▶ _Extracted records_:
········

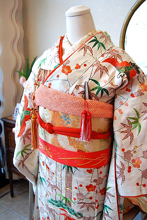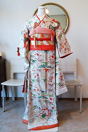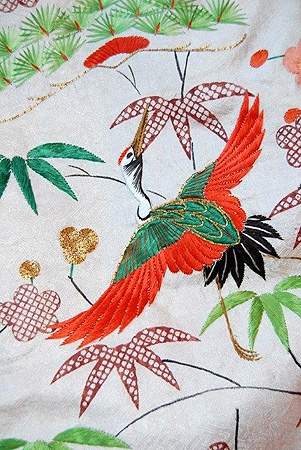 江戸期または明治初期に仕立てられた純白の綸子地に染と刺繍で松竹梅、飛び交う丹頂鶴がデザインされた婚礼衣装。
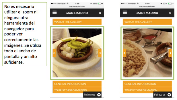 Asegurarse de que el tamaño de letra es el adecuado y que el usuario NO tendrá que hacer zoom.
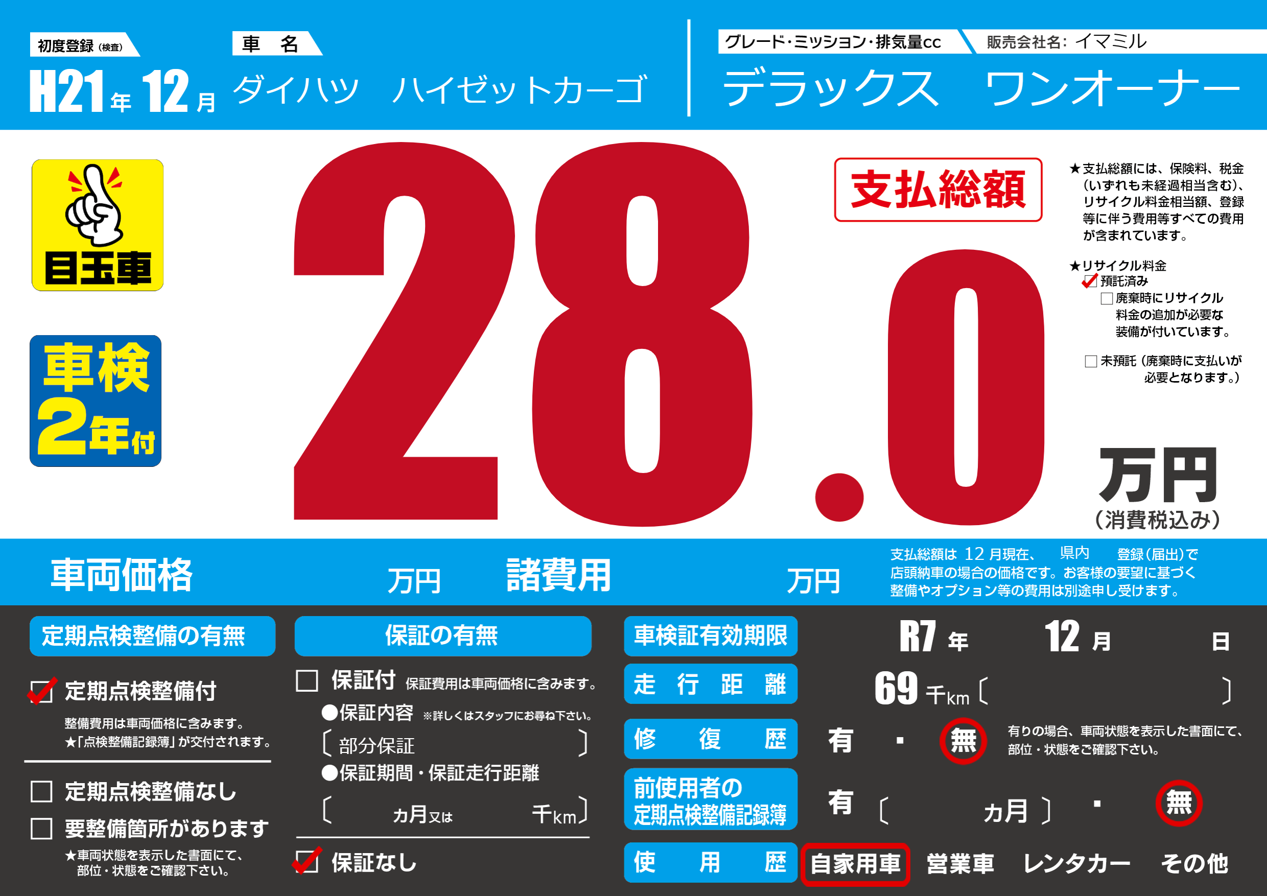 | 走行キロ | 6.9万km | 初年度登録 | H21年12月 |
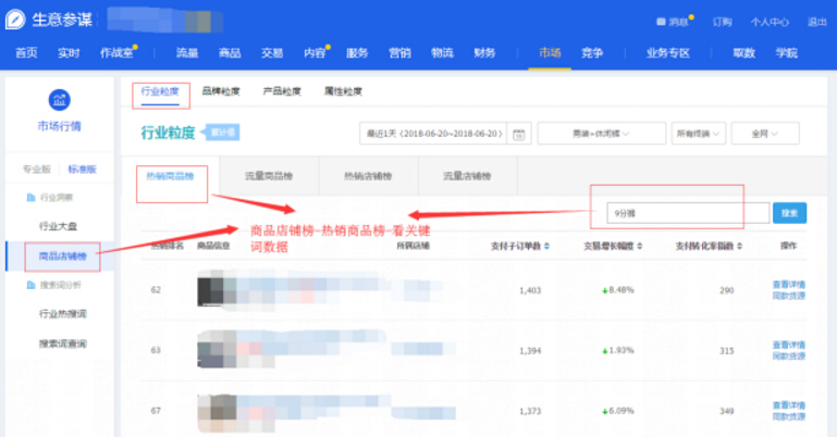 在市场行情里商品热搜榜找到一个竞争对手,看他的流量架构,找到该单品的引流词,转化词,寻找转化率高的,产值也不错的词。这个就是找词的核心!这里建议老款里面的中长尾关键词可以优先选择使用。
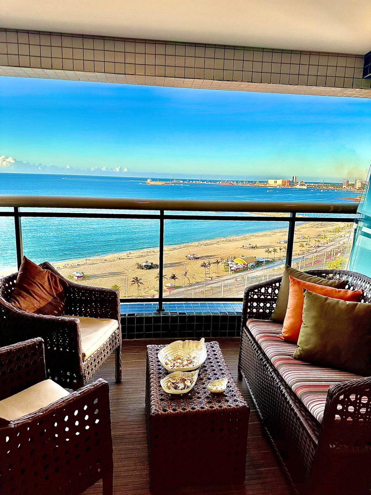 Lindo apartamento, todo climatizado, planejado para oferecer uma experiência de hospedagem super agradável! A varanda ampla e aconchegante nos brinda com uma relaxante vista mar lateral! E o condomínio ainda oferece a infraestrutura de lazer mais completa da orla da capital cearense com piscina coberta e descoberta, academia, squash, sauna, jacuzzi, salão de jogos e playground.

········

▶ _TASK REQUIREMENTS_:
For this exercise, repeat word for word only the lines from the one containing "在市场行情里商品热搜榜找到一" through the end of the data, including both. Pictures do not go in the copy.

▶ _RESULT BELOW_:
 在市场行情里商品热搜榜找到一个竞争对手,看他的流量架构,找到该单品的引流词,转化词,寻找转化率高的,产值也不错的词。这个就是找词的核心!这里建议老款里面的中长尾关键词可以优先选择使用。
 Lindo apartamento, todo climatizado, planejado para oferecer uma experiência de hospedagem super agradável! A varanda ampla e aconchegante nos brinda com uma relaxante vista mar lateral! E o condomínio ainda oferece a infraestrutura de lazer mais completa da orla da capital cearense com piscina coberta e descoberta, academia, squash, sauna, jacuzzi, salão de jogos e playground.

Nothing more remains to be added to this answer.